Pyspark Left Join and Filter Example

left_join = ta.join(tb, ta.name == tb.name,how='left') # Could also use 'left_outer'
left_join.filter(col('tb.name').isNull()).show()

Pyspark Left Join and Filter Example

Using the isNull or isNotNull methods, you can filter a column with respect to the null values inside of it. As in SQL, this is very handy if you want to get the records found in the left side but not found in the right side of a join.

Pyspark Right Join Example

right_join = ta.join(tb, ta.name == tb.name,how='right') # Could also use 'right_outer'
right_join.show()

Pyspark Right Join Example

Again, the code is read from left to right so table A is the left side and table B is the right side. If you want to select all records from table B and return data from table A when it matches, you choose ‘right’ or ‘right_outer’ in the last parameter. As in the example above, you could combine this with the isNull to identify records found in the right table but not found in the left table.

Pyspark Full Outer Join Example

full_outer_join = ta.join(tb, ta.name == tb.name,how='full') # Could also use 'full_outer'
full_outer_join.show()

Pyspark Full Outer Join Example

Finally, we get to the full outer join. This shows all records from the left table and all the records from the right table and nulls where the two do not match.

PysPark SQL Joins Gotchas and Misc

If you’re paying attention, you’ll notice a couple issues that makes using Pyspark SQL joins a little annoying when coming from a SQL background.

1. Alias References: If you do not apply an alias to the dataframe, you’ll receive an error after you create your joined dataframe. With two columns named the same thing, referencing one of the duplicate named columns returns an error that essentially says it doesn’t know which one you selected. In SQL Server and other languages, the SQL engine wouldn’t let that query go through or it would automatically append a prefix or suffix to that field name.

2. Cross Join: You can also perform a cartesian product using the crossjoin method. This is useful if you’re looking to repeat every row in table A for every row in table B.
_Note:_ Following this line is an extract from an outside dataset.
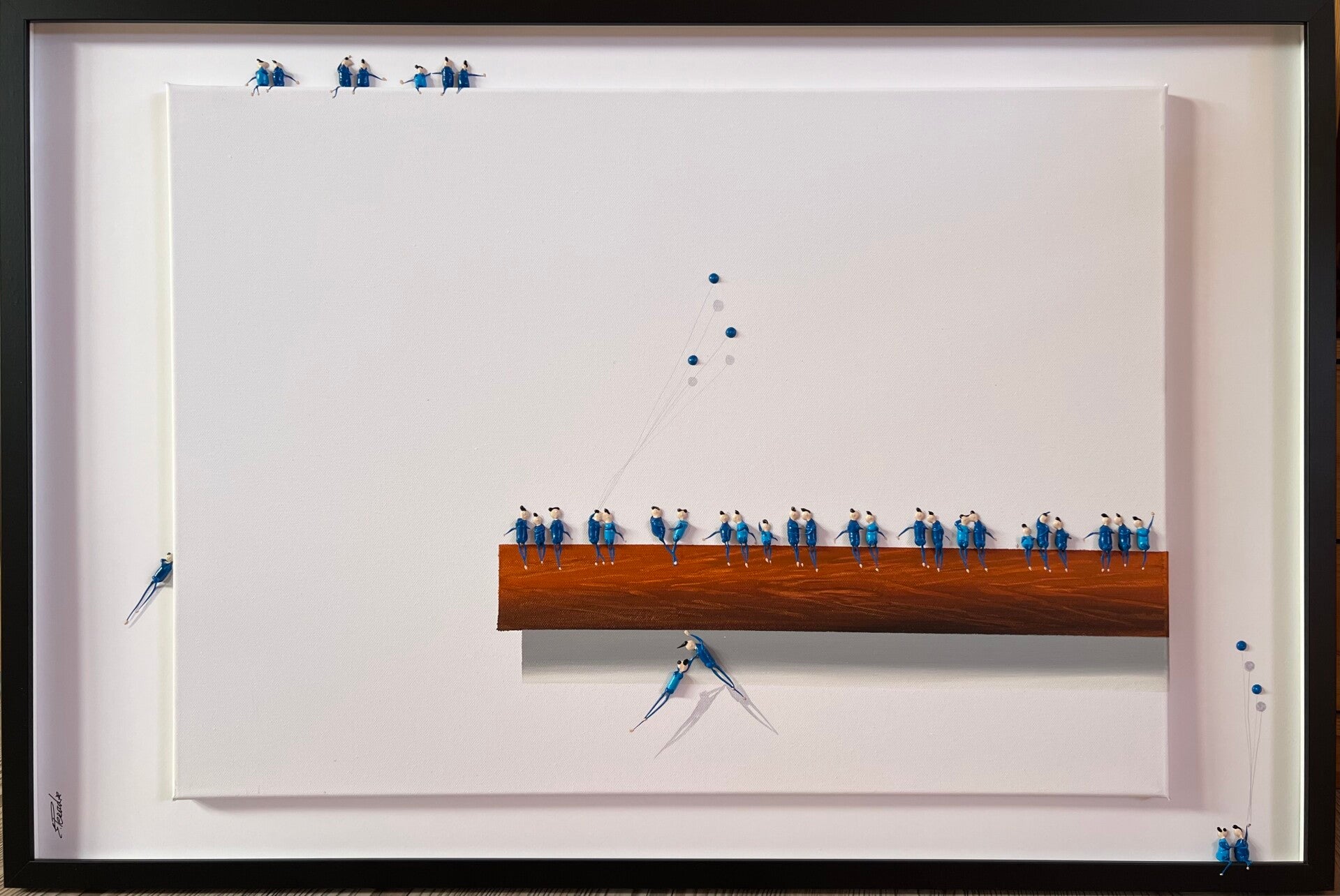 In my work, acrylic paints flow together to form a mesh of surrealism, figurative elements and geometric clarity. The composition is an ode to freedom and the dynamism of life. Every line, every splash of color is carefully placed to create an atmosphere of weightlessness and connection that captures viewers in a web of emotion and reflection. This painting will exude an aura of thoughtfulness and creative energy in your space.

3. The ‘leftsemi’ option: I didn’t cover this option above (since Jeff Atwood didn’t either). but if you care only for the left columns and just want to pull in the records that match in both table A and table B, you can choose ‘leftsemi’. This StackOverflow post gives a good explanation.

4. Joining on Multiple Columns: In the second parameter, you use the &(ampersand) symbol for and and the |(pipe) symbol for or between columns.

And that’s it! I hope you learned something about Pyspark joins! If you feel like going old school, check out my post on Pyspark RDD Examples. But DataFrames are the wave of the future in the Spark world so keep pushing your Pyspark SQL knowledge!